Integrating LastPass Logs With Blumira

LastPass is a password manager that stores encrypted passwords online, as well as enterprise single sign-on (SSO) and adaptive multi-factor authentication (MFA).

 

Once configured and integrated with LastPass, Blumira’s modern SIEM platform ingests and parses log data in order to provide advanced threat detection and automated, actionable response.

LastPass Log Collection Configuration

Blumira can be configured to ingest a stream of LastPass event data through the LastPass Enterprise API. If you have a LastPass Enterprise account, follow these steps to forward that account’s log stream to Blumira.

Configuring LastPass

To configure LastPass, you will need to obtain a “Provisioning Hash” or API key, that provides Blumira access to your data through the LastPass Enterprise API[1]. You will also need to obtain your Customer ID, or “cid” from Lastpass.

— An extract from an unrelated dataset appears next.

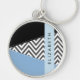 Porte-clés Grey Zigzag, Grey Chevron, Bleu, Votre Nom
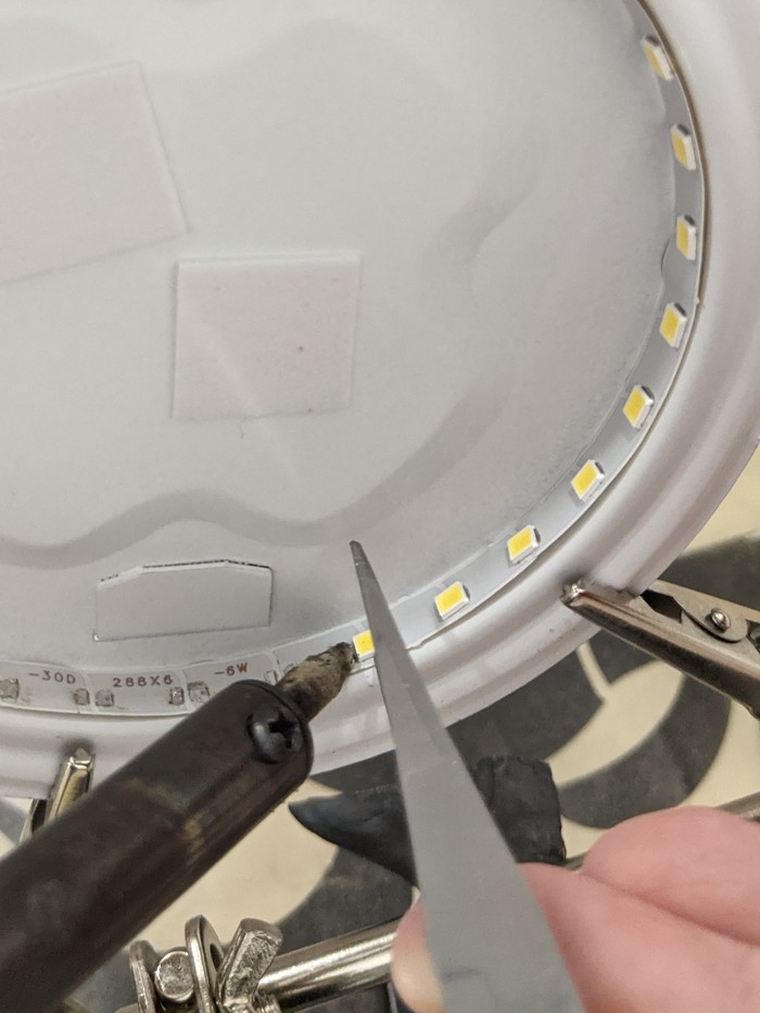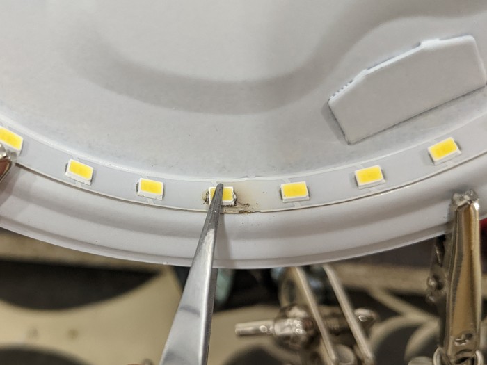 Устанавливаем рабочий светодиод на место, нужно положить его ровно на то же место где был виновник, иначе можно закоротить его контакты, работоспособность светильника при этом восстановится, но этот светодиод гореть не будет. Прижимаем его пинцетом и аккуратно греем с двух сторон.

To do this, follow these steps:

  1. Log in to Lastpass.
  2. Under Advanced Options, select Enterprise API.
  3. Click on Create Your Provisioning Hash and note the resulting value. This is your Lastpass API Secret.
  4. To obtain your Customer ID, or “cid”, return to the Enterprise API page. Under Authentication Parameters, your “cid” will be listed as an authentication parameter. Take note of this numeric value – the quotation marks are not part of the value.

Configuring Blumira

Next, you will need to enable your Blumira sensor to connect to LastPass, using the API Secret and cid you obtained. This connection is managed through the LastPass module, which you will install on one of your Blumira sensors.

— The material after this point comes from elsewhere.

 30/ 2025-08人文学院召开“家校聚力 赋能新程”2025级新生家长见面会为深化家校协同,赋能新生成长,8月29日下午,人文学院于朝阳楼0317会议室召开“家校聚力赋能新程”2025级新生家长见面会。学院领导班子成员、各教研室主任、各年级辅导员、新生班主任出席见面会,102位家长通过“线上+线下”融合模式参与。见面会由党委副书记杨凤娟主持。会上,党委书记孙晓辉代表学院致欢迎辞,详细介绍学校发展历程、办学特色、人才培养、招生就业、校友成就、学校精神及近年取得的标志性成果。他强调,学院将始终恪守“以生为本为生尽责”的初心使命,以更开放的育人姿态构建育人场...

Here’s how to add the LastPass module:

    1. Once you have chosen or installed a sensor you’d like to add LastPass log collection to, access that sensor’s detail page through the sensor UI (Infrastructure > Sensors > {click on your chosen sensor}).
    2. In the Modules section for your sensor, click on the Add Module button. In the Module dropdown menu, find the LastPass Module, and select the latest available version.
    3. Fill in the Module Configuration section, shown here:

  1. The LastPass CID and LastPass API Secret should be filled out with the values you obtained in the Configuring LastPass step. The Log Source Name is an optional text value which you can use to identify your LastPass log source in the Blumira platform.
  2. You can leave Log Source Name empty, or, optionally, set it to a short, alphanumeric string, without spaces, that will help identify this instance of the LastPass integration, in case you later have multiple (e.g. “main” or “primary”).
  3. Press Install and wait a few seconds for the system to process your request.

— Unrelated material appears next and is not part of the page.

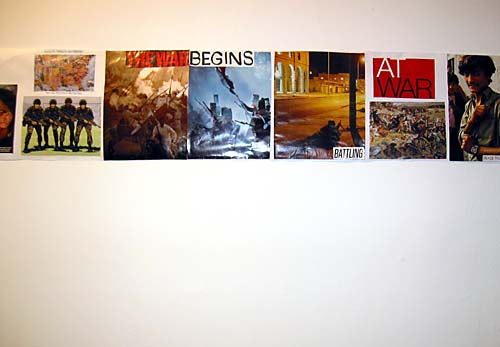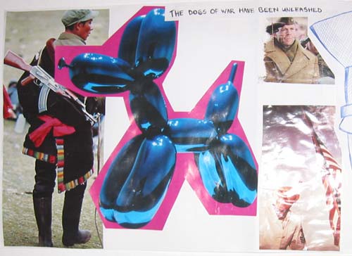 Food Court, for example, juxtaposes images of gourmet food with images of starving Africans, which I can only read as a vapid comment on global inequality. Don't You Know I'm Loco presents us with a pastiche of frightening baboon teeth, fight scenes, Mohammed Ali reading Psychological Warfare, sumo wrestling, and rappers in shiny cars. Jackson Pollock also appears above text that reads, "When I get Jack to Rippya."

The “Add New Module” window should close, and, back in your sensor detail page view, you should now see the LastPass Module listed in the table of modules.

Within minutes of completing these steps, the LastPass module will be operational, and will ingest up to 90 days of historical logs into the Blumira platform. The module will then continuously monitor the LastPass service for the latest available logs.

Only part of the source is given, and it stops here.